» LISTED RECORDS:

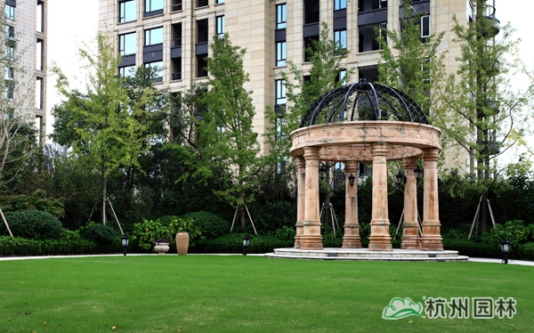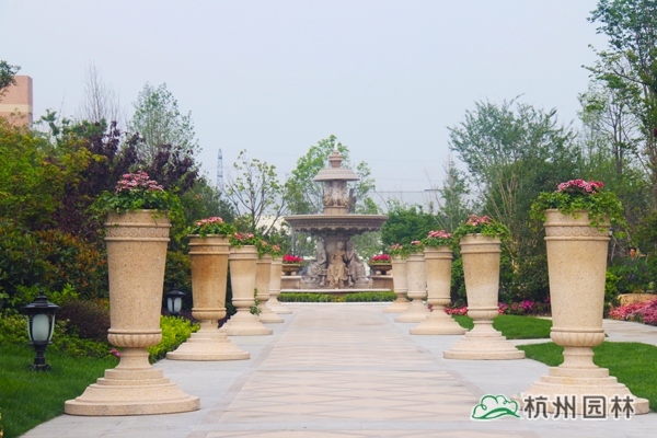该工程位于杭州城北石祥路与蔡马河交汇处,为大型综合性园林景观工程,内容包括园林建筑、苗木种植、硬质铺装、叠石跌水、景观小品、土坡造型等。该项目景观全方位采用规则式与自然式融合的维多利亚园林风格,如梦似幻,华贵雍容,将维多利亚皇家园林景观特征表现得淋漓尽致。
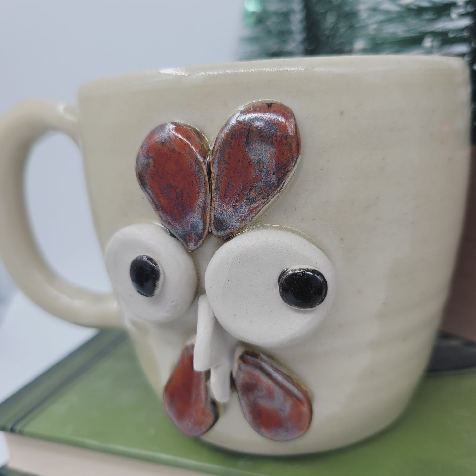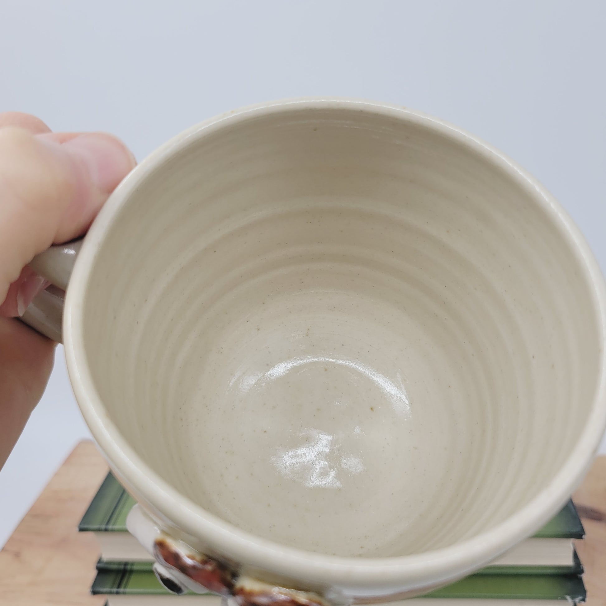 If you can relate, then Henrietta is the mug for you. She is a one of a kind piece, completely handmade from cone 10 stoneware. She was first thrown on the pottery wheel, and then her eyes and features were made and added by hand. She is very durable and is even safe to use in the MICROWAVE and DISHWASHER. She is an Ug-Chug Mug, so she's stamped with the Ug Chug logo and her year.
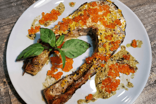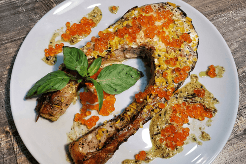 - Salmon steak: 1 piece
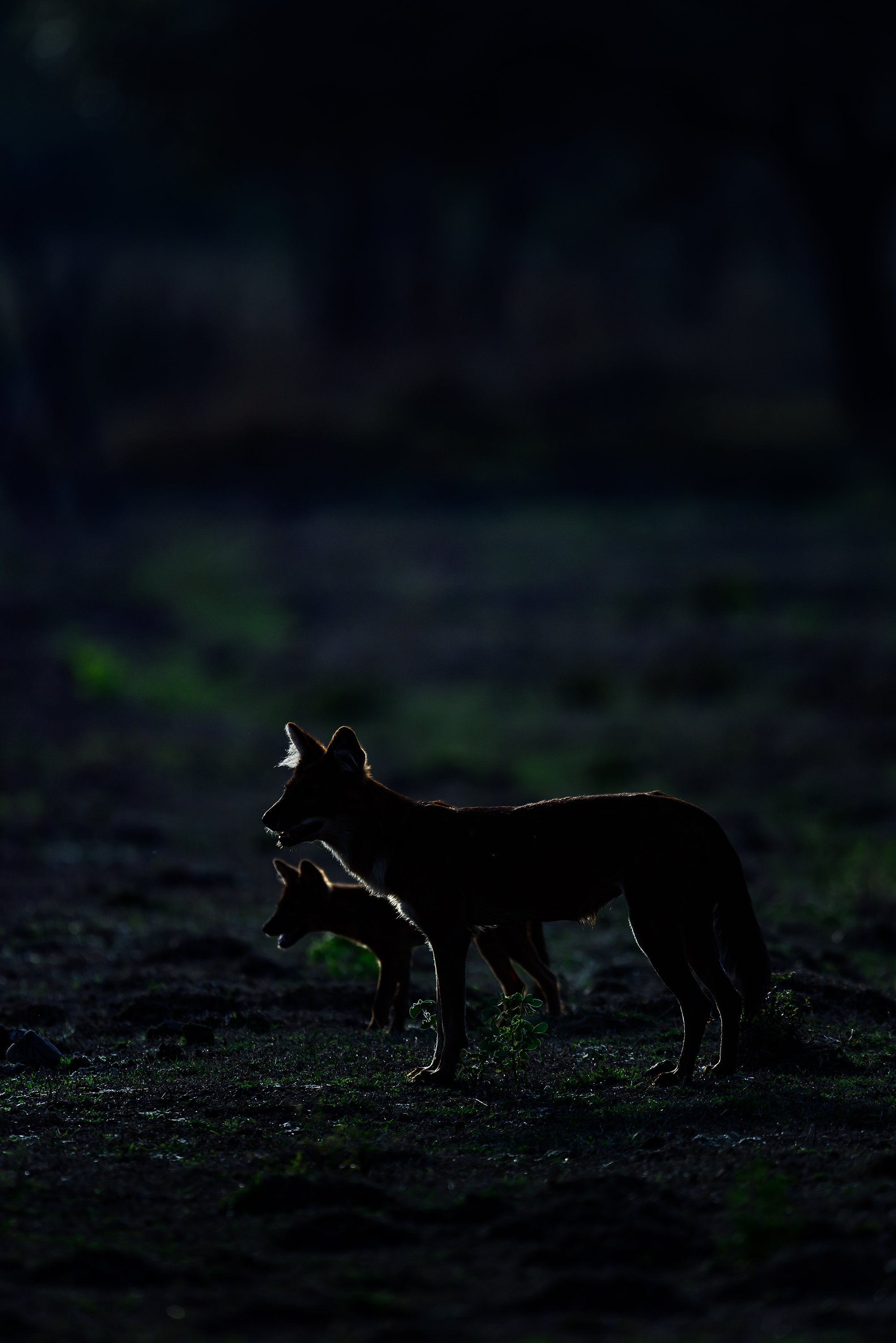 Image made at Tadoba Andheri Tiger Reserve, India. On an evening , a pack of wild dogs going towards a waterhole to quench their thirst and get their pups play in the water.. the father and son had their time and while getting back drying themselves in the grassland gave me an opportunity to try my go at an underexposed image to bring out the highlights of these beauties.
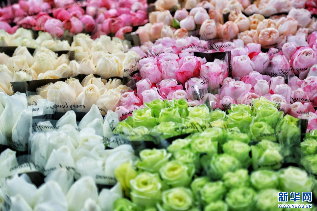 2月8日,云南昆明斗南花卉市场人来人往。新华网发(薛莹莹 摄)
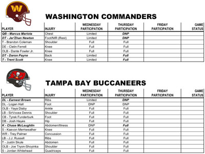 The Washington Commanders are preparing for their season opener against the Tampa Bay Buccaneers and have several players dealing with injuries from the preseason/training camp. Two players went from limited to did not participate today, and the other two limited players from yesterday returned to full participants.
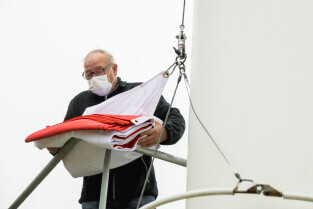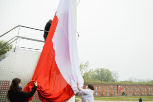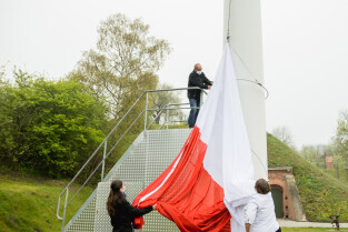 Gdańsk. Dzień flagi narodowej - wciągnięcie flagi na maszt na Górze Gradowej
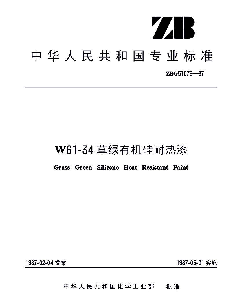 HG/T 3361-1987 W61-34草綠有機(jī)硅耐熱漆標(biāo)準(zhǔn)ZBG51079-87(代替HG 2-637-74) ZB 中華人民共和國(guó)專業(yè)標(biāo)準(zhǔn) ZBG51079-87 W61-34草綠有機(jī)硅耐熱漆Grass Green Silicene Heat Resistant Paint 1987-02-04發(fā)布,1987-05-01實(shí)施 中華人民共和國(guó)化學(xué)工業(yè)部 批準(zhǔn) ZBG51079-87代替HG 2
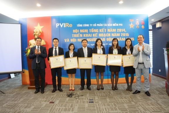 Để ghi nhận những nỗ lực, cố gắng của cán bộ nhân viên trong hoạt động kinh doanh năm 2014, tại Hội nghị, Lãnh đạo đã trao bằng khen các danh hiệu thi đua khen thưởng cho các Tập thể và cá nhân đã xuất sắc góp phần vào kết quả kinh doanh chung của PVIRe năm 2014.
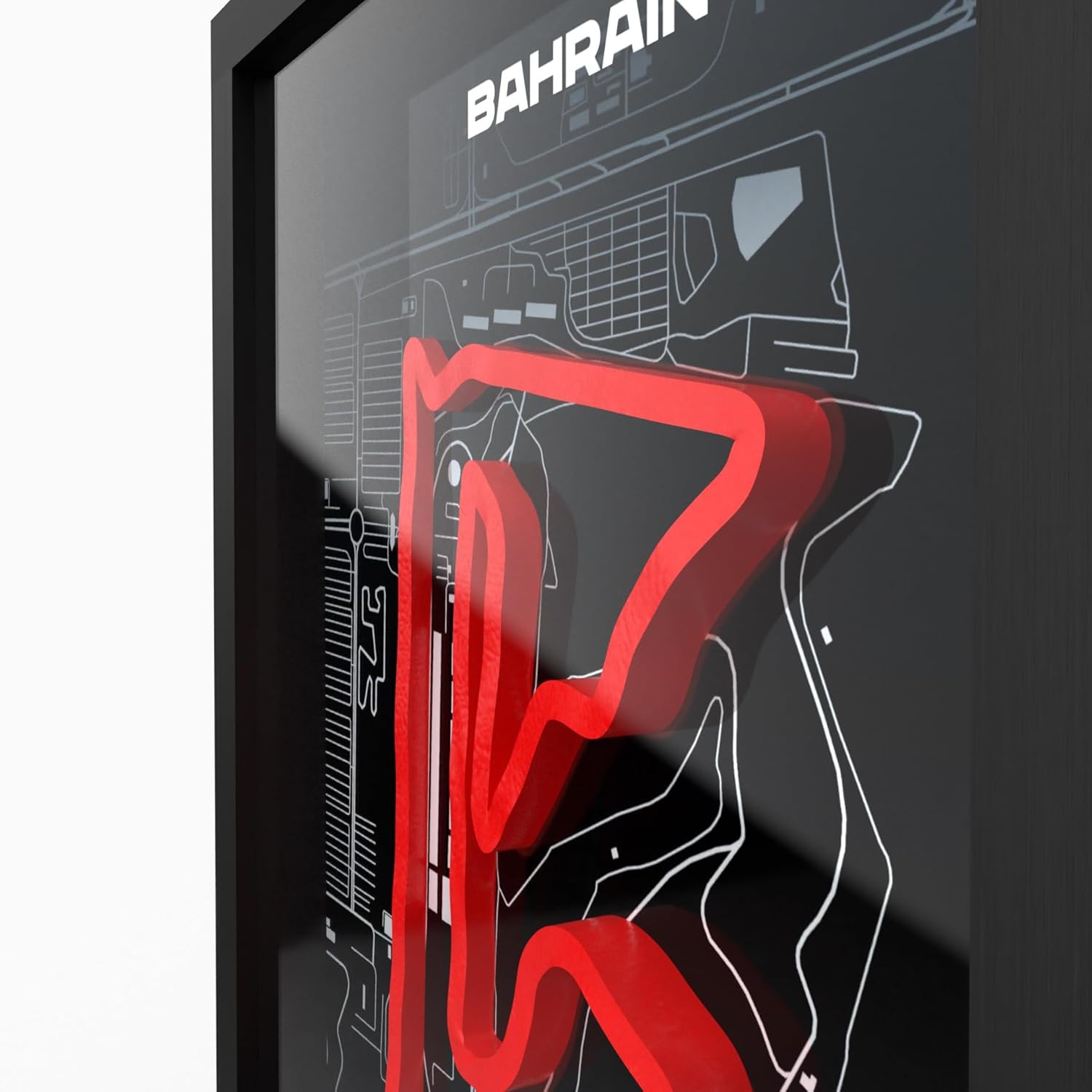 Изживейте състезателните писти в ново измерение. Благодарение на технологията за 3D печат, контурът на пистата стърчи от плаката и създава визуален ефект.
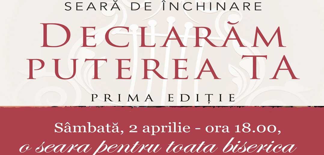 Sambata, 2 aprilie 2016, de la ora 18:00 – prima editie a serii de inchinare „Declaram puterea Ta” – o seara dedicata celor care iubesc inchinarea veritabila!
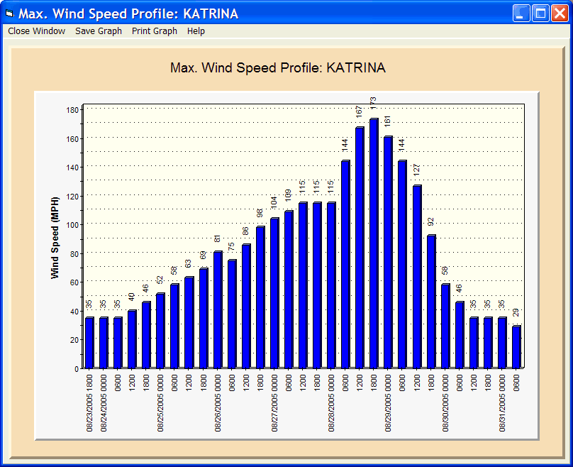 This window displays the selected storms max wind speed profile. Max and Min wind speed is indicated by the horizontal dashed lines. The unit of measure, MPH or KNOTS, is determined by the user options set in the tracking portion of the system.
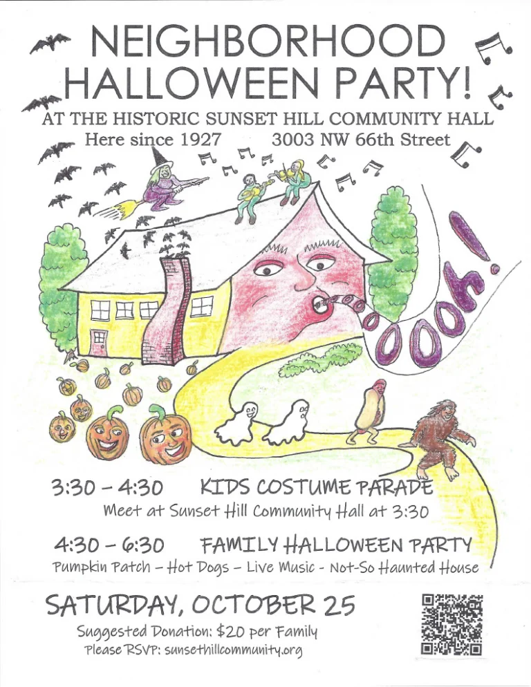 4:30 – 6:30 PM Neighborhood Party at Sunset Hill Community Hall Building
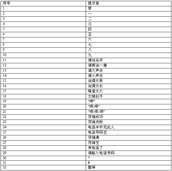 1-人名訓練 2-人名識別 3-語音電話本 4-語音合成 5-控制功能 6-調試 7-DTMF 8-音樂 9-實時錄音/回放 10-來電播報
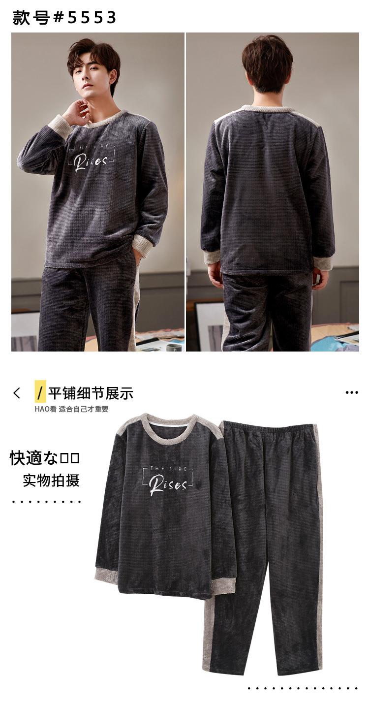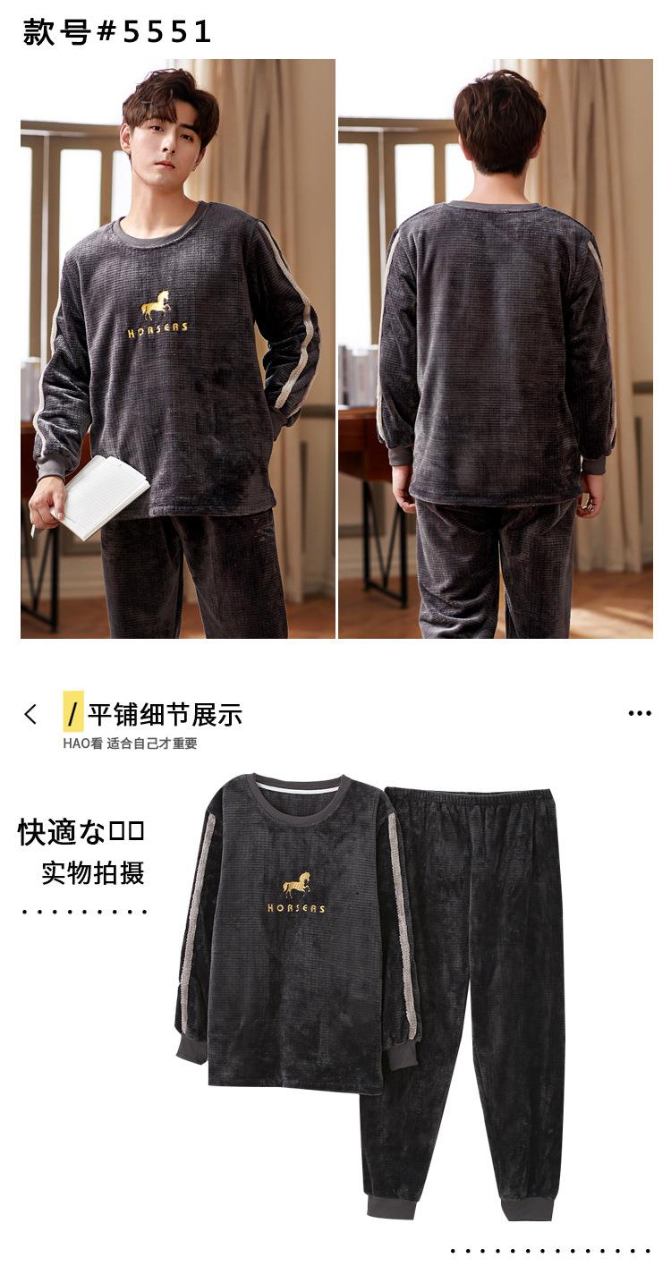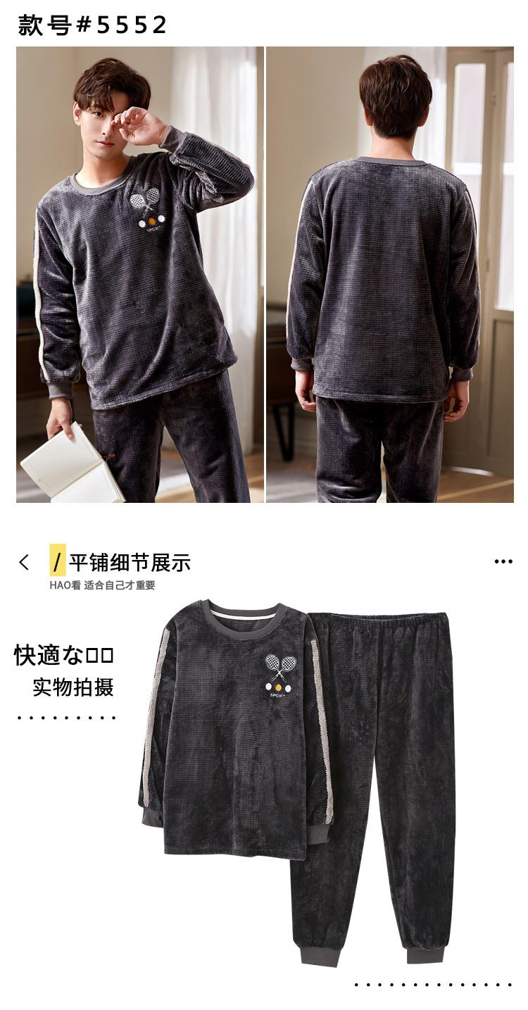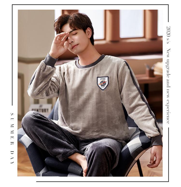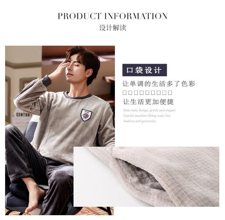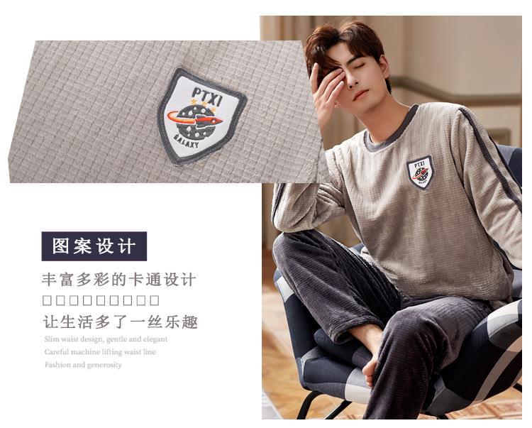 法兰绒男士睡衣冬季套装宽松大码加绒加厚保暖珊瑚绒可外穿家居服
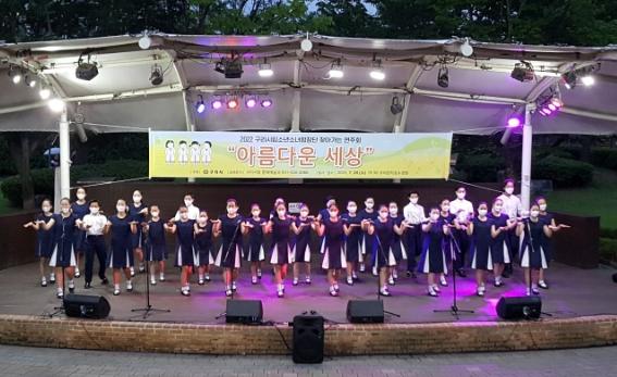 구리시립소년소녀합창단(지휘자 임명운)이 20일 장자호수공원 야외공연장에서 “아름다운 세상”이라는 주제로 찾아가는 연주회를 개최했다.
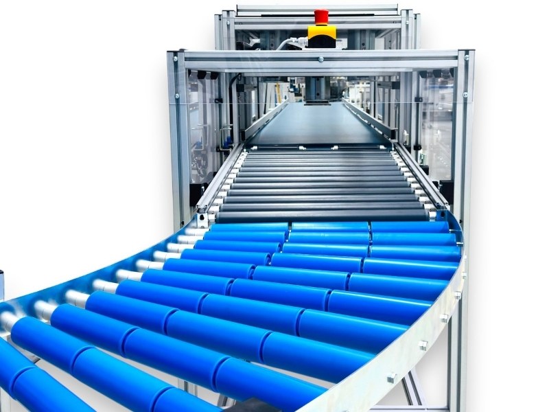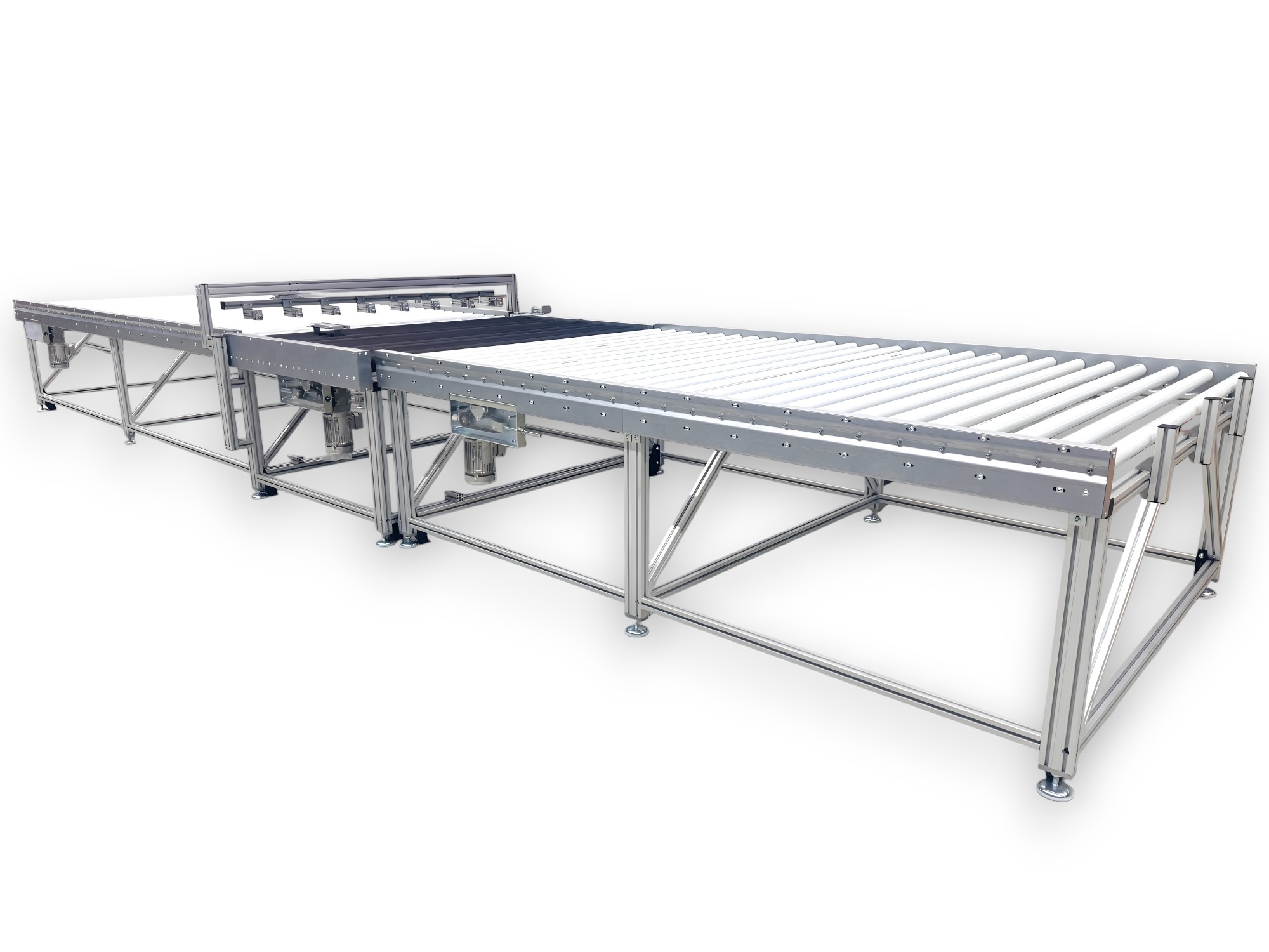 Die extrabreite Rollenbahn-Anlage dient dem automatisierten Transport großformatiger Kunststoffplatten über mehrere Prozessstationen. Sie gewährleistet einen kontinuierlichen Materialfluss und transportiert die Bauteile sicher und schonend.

» YOUR ASSIGNMENT:
From the first line of the listing above, repeat every line through the one holding "- Salmon steak: 1 piece". Both ends count, and pictures stay out.

» RESPONSE FOR THIS EXERCISE:
该工程位于杭州城北石祥路与蔡马河交汇处,为大型综合性园林景观工程,内容包括园林建筑、苗木种植、硬质铺装、叠石跌水、景观小品、土坡造型等。该项目景观全方位采用规则式与自然式融合的维多利亚园林风格,如梦似幻,华贵雍容,将维多利亚皇家园林景观特征表现得淋漓尽致。
 If you can relate, then Henrietta is the mug for you. She is a one of a kind piece, completely handmade from cone 10 stoneware. She was first thrown on the pottery wheel, and then her eyes and features were made and added by hand. She is very durable and is even safe to use in the MICROWAVE and DISHWASHER. She is an Ug-Chug Mug, so she's stamped with the Ug Chug logo and her year.
 - Salmon steak: 1 piece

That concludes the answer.